Labia minora kissing Venus Impudique

vulvavulvavulvavulvavulvavulvavulavvulvavulvavulvavulvavulvavulvavulvavulvavulvavulvavulvavulvavulvavulvavulvavulvavulvavulvavulvavulvavulvavulvavulvavulvavulavvulvavulvavulvavulvavulvavulvavulvavulvavulvavulvavulvavulvavulvavulvavulvavulvavulvavulvavulvavulvavulvavulvavulvavulvavulavvulvavulvavulvavulvavulvavulvavulvavulvavulvavulvavulvavulvavulvavulvavulvavulvavulvavulvavulvavulvavulvavulvavulvavulvavulavvulvavulvavulvavulvavulvavulvavulvavulvavulvavulvavulvavulvavulvavulvavulvavulvavulvavulvavulvavulvavulvavulvavulvavulvavulavvulvavulvavulvavulvavulvavulvavulvavulvavulvavulvavulvavulvavulvavulvavulvavulvavulvavulvavulvavulvavulvavulvavulvavulvavulavvulvavulvavulvavulvavulvavulvavulvavulvavulvavulvavulvavulvavulvavulvavulvavulvavulvavulva

Vulva is a door. It is a sow and woman riding it. She lifting her skirt with dagger in her hand. Sight chases the demons away. Pit of chastity, of virtue, entry, passage way, vestibule, horns of Uterus, Fallobian tubes, Interforamireum, space between two holes. Genitalis Mueliebris Ambitus. There was a time when female genitalia had no shame. Women didn’t have to be ashamed of their bodies.

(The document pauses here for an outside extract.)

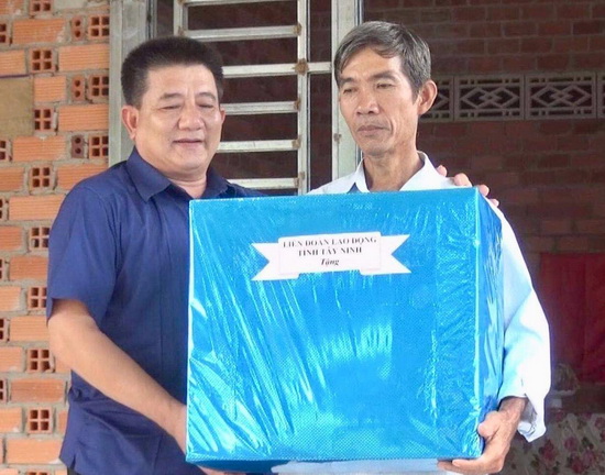 Ông Võ Văn Dũng- Chủ tịch LĐLĐ tỉnh trao quà cho ông Nguyễn Văn Dẫn.

Authority of physicality, authority of gender

It is somehow feminine and childlike to act obediently, to be a subject naturally. To take that place of being told to, being defined by others, because it is your place given to you as one is born a girl. Something we are expected of doing is to believe in this enslavement and the image of perfect subhuman, because in that way women will be loved. If women rebel, do things in the ugly way, unexpected, rude and shameful they become something else. They become outcasts and criminally flawed that must be avoided, loathed and killed.
Macho men do not back down, do not take anybody’s advise. They only listen to those who are similarly macho, trust the tradition of true man, power of true man staying the same. Macho men  are on the same line with each other so to speak, in a way. Listening to women’s or children’s opinions and thoughts is a waste of time for them. What would they have to say to pay attention to anyway. We have learned to believe in the physical size and the confidence it brings, power of it. Threat of being beaten down and abandoned is risky, but it has to be taken to change something that does not want to change. Something I have been wondering about is the authority of physicality, how tirelessly it holds on to us and we believe in it. How it equals or doesn’t with mental capacity, mental strength, righteousness and value. Authority of knowing what is right to do for anybody and how life should be lived.
In countries where women are inferior and silenced, in which they are almost a different species compared to men authority of men is indisputable, undeniable. Women do not have a say over their lives, over anything that concern lives of theirs. Good example are the women’s rights/human rights conferences by in the Middle east. (I have seen pictures but do not know what goes on in such conferences.) Conferences with total absence of women. Where women are not allowed nor asked to speak. Stupidest thing is that men usually do not have a slightest idea how a woman feels, thinks or what womanhood is about nor what might be wrong. For men there is nothing wrong. Everything is fine. What it is to become a woman in this kind of environment surely must be disappointing. In the light of lack human rights for women it is rather alarming that men decide and think they know what to say for women and girls without question.
How will men know what women are about and when will they allow women to speak for themselves? It should be right about time.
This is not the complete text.